Pope calls for a ‘globalization of solidarity’
Francis visited the Sant'Egidio Community on 50th anniversary
ope Francis has encouraged members of the Sant’Egidio Community to continue courageously in their mission to build bridges, keep dialogue open, stay close to the poor and the discarded, and pray for peace.
The Pope’s words came on Sunday afternoon during a visit to the headquarters in Rome of the Community that is celebrating its 50th anniversary.
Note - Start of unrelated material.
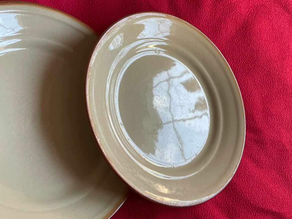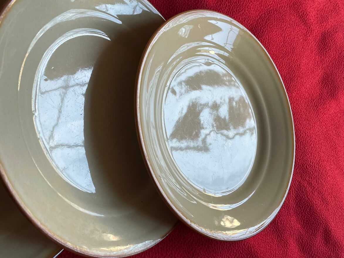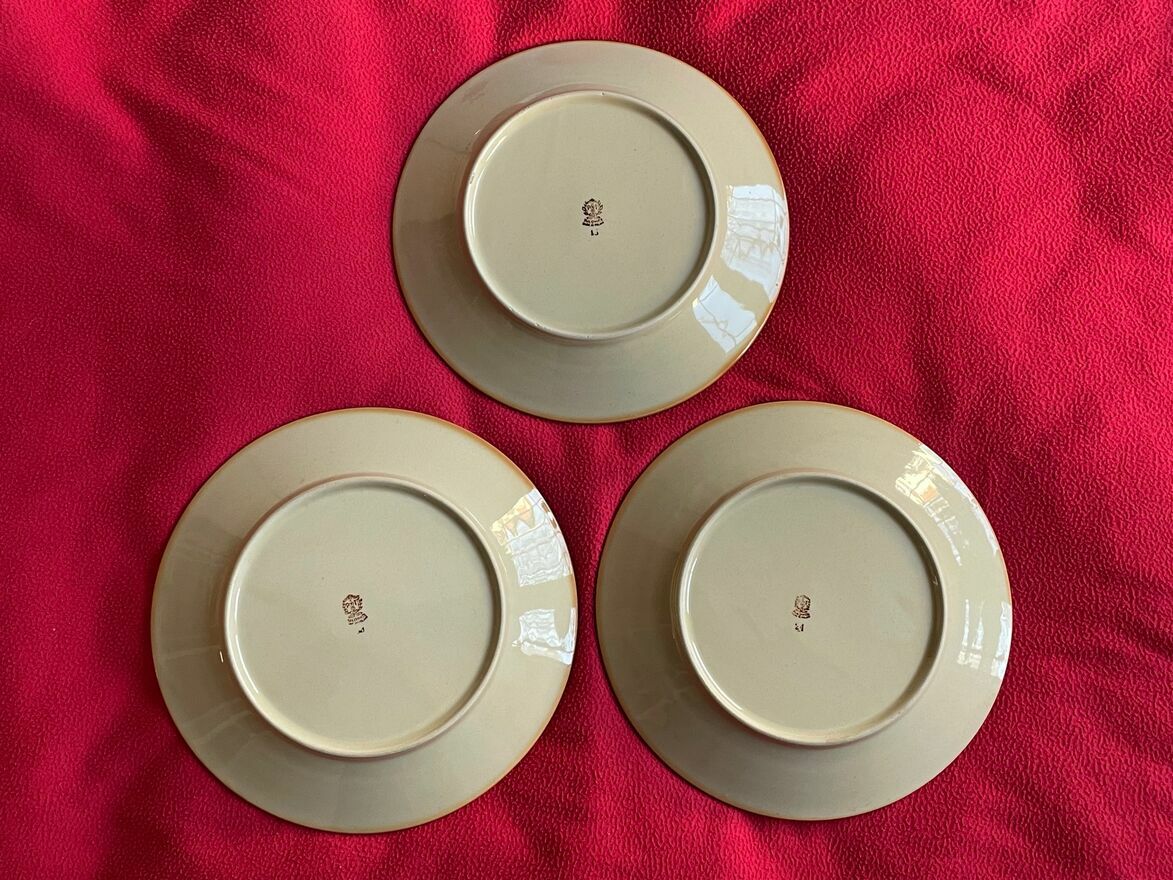 Dzień dobry Państwu.Polecam do nabycia 3 stare talerze płaskie z okresu PRL-u polskiego producenta TUŁOWICE. Porcelit. Stan dobry. Używane, mikro ryski użytkowe, dokładne zdjęcia. Logo firmowe wyraźne. Spód nie wykruszony. Bez pęknięć. Ładne gustowne kolory brązu / beżu łączące się z brązową linią krawędzi. Stanowić będzie doskonałe uzupełnienie zbioru, np. stłuczonych własnych, na zapas.

During a celebration of the Liturgy of the Word inside the beautiful Santa Maria in Trastevere Basilica which the lay organization uses to shelter the homeless and offer Christmas lunch to the poor, the Pope spoke with gratitude of the work carried out by the world-wide network of Sant’Egidio volunteers and its mission to broker peace and accompany the poor.
“Prayer, poverty and peace” are the three P’s upon which the Community rests, he said, and he thanked its members for their wish to continue to look to the future with a sense of responsibility in a time that he described as “a time of fear before the vast dimensions of globalization: fears that are often focused on the stranger, on he who is different, poor… as if he were an enemy.”
Francis thanked Sant’Egidio members for praying for peace and for working for peace, and he highlighted the predicament of the Syrian people, some of whom have been safely brought to Europe where they have found welcome and support thanks to the ‘humanitarian corridors’ the Community has organized in collaboration with other faith-based organizations.
Reflecting on the fact that the only sustainable future for a global world is one where people can live together in peace, the Pope called on the Sant’Egidio Community to continue to help foster a ‘globalization of solidarity and of the spirit’ by building bridges, keeping dialogue open and favouring encounter. “Today, in an uncertain world, with so many ongoing wars”, the Pope told Sant’Egidio members to courageously push forward with their programmes for children in the peripheries, with their ‘Schools of Peace’, staying close to the elderly who are so often discarded, and continuing to open ‘humanitarian corridors’ for those fleeing war and hunger. “The poor are your treasure” he said.